--- Records shown Enclosed Below ---

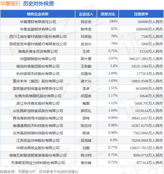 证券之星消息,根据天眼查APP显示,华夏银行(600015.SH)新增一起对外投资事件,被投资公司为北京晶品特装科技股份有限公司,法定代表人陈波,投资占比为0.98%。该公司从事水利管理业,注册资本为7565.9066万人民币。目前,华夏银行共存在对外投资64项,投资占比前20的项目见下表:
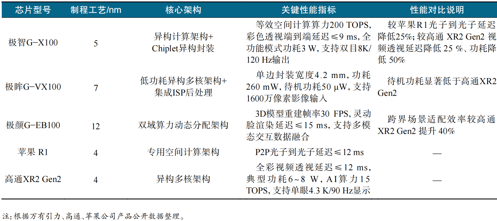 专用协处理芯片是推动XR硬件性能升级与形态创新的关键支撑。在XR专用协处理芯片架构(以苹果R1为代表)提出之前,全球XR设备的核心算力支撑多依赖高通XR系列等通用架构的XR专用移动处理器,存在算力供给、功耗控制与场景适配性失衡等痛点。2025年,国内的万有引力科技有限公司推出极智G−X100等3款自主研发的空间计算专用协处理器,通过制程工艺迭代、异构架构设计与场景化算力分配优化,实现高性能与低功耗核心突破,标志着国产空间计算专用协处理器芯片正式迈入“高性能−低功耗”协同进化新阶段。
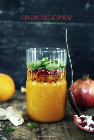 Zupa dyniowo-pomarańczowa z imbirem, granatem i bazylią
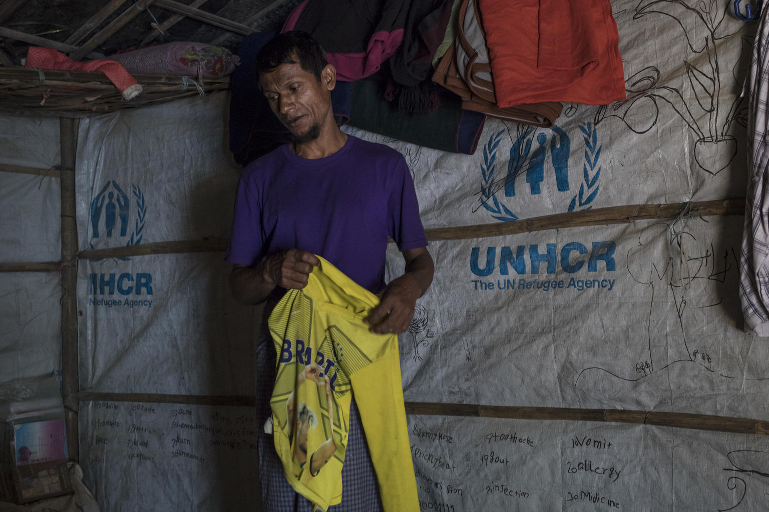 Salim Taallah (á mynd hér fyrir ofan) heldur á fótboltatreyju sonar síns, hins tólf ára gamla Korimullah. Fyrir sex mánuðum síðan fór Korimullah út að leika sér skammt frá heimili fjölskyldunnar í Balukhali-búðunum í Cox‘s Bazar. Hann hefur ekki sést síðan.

--- End of Enclosed Records shown ---
--- Records shown Enclosed Below ---

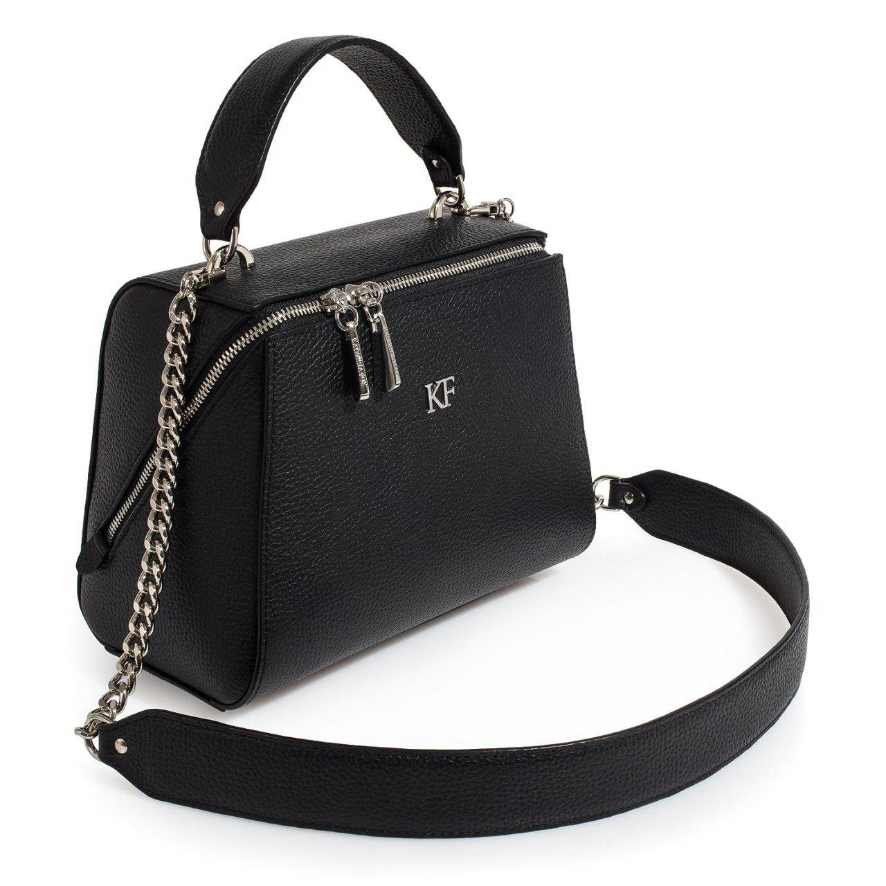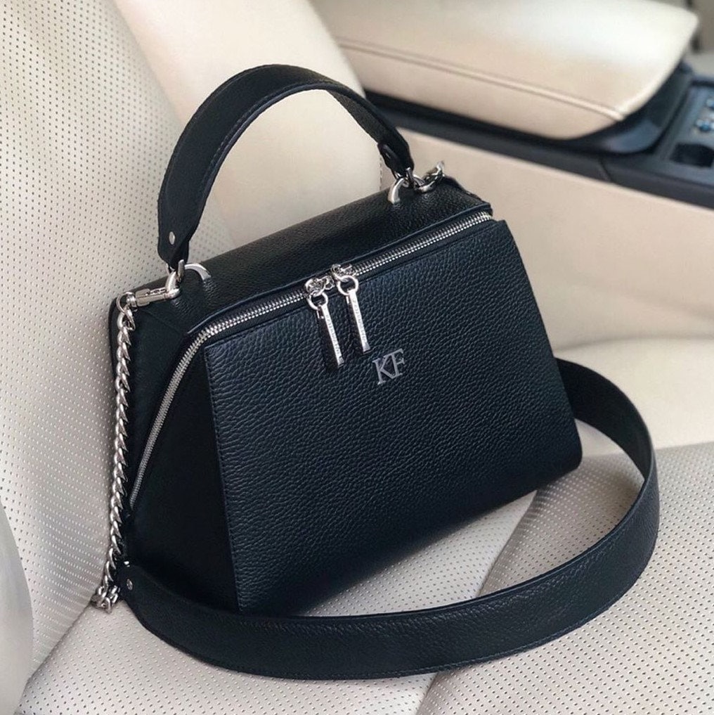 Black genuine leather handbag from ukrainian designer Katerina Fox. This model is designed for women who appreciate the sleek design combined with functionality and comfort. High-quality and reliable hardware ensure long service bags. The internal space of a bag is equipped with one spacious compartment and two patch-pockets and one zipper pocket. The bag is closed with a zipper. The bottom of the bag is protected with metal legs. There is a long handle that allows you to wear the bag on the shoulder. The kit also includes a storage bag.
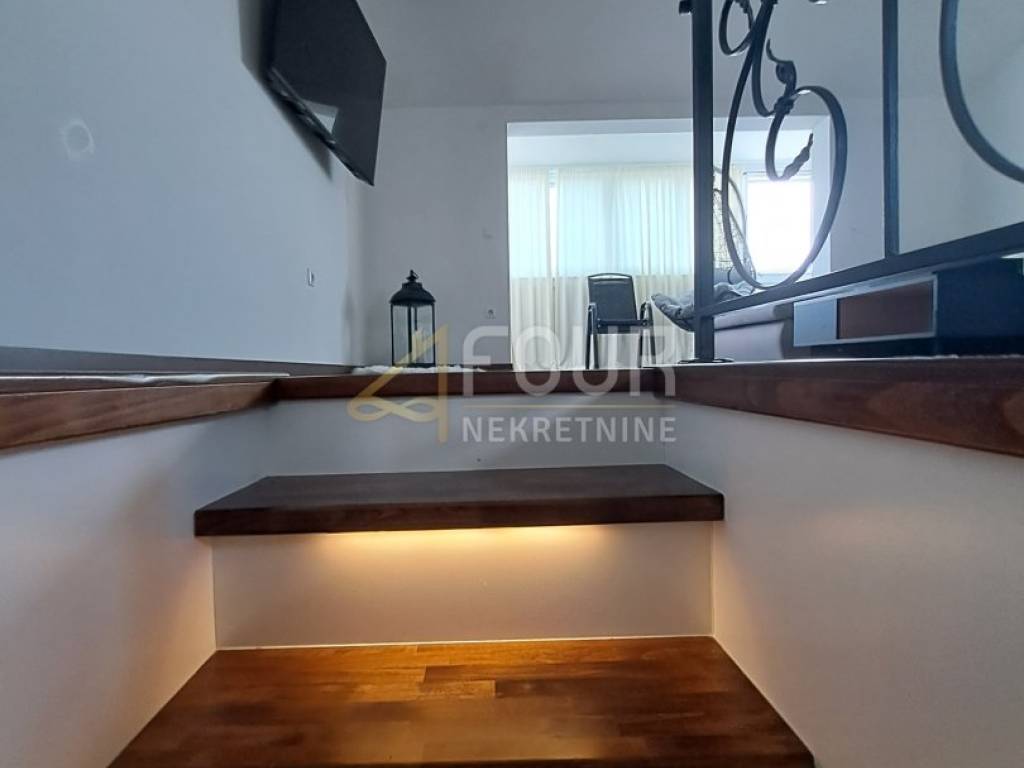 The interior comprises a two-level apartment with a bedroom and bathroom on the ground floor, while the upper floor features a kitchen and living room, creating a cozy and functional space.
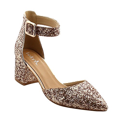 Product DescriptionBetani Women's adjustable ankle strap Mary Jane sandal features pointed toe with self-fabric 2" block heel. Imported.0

--- End of Enclosed Records shown ---
--- Records shown Enclosed Below ---

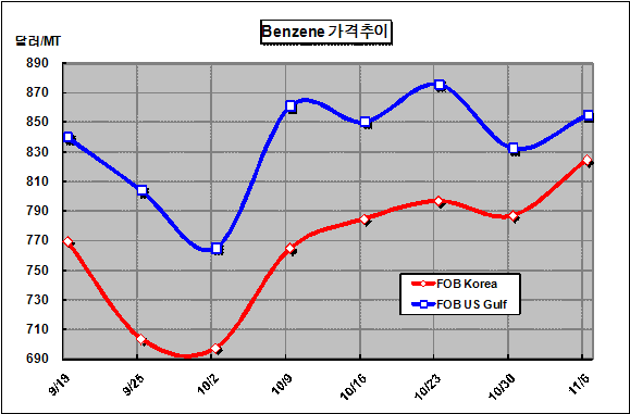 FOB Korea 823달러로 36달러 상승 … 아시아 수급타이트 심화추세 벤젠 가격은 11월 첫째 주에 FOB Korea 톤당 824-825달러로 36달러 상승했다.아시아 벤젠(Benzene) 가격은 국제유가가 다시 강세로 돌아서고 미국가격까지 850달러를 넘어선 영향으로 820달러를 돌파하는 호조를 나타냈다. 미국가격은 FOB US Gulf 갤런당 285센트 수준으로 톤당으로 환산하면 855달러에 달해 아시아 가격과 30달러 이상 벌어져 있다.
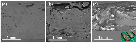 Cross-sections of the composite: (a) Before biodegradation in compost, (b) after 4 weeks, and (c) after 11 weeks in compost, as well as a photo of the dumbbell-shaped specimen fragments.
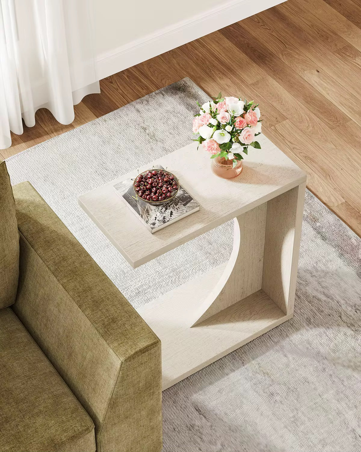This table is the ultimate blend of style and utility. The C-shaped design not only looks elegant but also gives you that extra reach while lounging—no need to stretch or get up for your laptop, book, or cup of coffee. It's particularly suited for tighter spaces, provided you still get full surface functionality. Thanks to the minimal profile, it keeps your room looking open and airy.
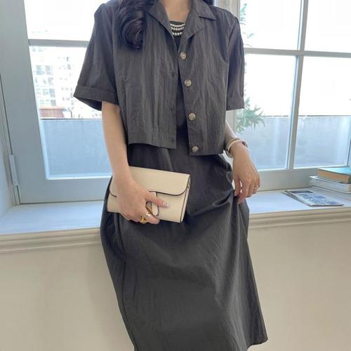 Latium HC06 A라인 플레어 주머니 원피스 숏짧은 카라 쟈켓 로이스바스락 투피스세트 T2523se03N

--- End of Enclosed Records shown ---

== The problem ==
Write out, word for word, the stretch of entries that begins at the line with "证券之星消息,根据天眼查AP" and ends at the line with "Salim Taallah (á". Pictures do not belong in it.

== Answer to the exercise ==
 证券之星消息,根据天眼查APP显示,华夏银行(600015.SH)新增一起对外投资事件,被投资公司为北京晶品特装科技股份有限公司,法定代表人陈波,投资占比为0.98%。该公司从事水利管理业,注册资本为7565.9066万人民币。目前,华夏银行共存在对外投资64项,投资占比前20的项目见下表:
 专用协处理芯片是推动XR硬件性能升级与形态创新的关键支撑。在XR专用协处理芯片架构(以苹果R1为代表)提出之前,全球XR设备的核心算力支撑多依赖高通XR系列等通用架构的XR专用移动处理器,存在算力供给、功耗控制与场景适配性失衡等痛点。2025年,国内的万有引力科技有限公司推出极智G−X100等3款自主研发的空间计算专用协处理器,通过制程工艺迭代、异构架构设计与场景化算力分配优化,实现高性能与低功耗核心突破,标志着国产空间计算专用协处理器芯片正式迈入“高性能−低功耗”协同进化新阶段。
 Zupa dyniowo-pomarańczowa z imbirem, granatem i bazylią
 Salim Taallah (á mynd hér fyrir ofan) heldur á fótboltatreyju sonar síns, hins tólf ára gamla Korimullah. Fyrir sex mánuðum síðan fór Korimullah út að leika sér skammt frá heimili fjölskyldunnar í Balukhali-búðunum í Cox‘s Bazar. Hann hefur ekki sést síðan.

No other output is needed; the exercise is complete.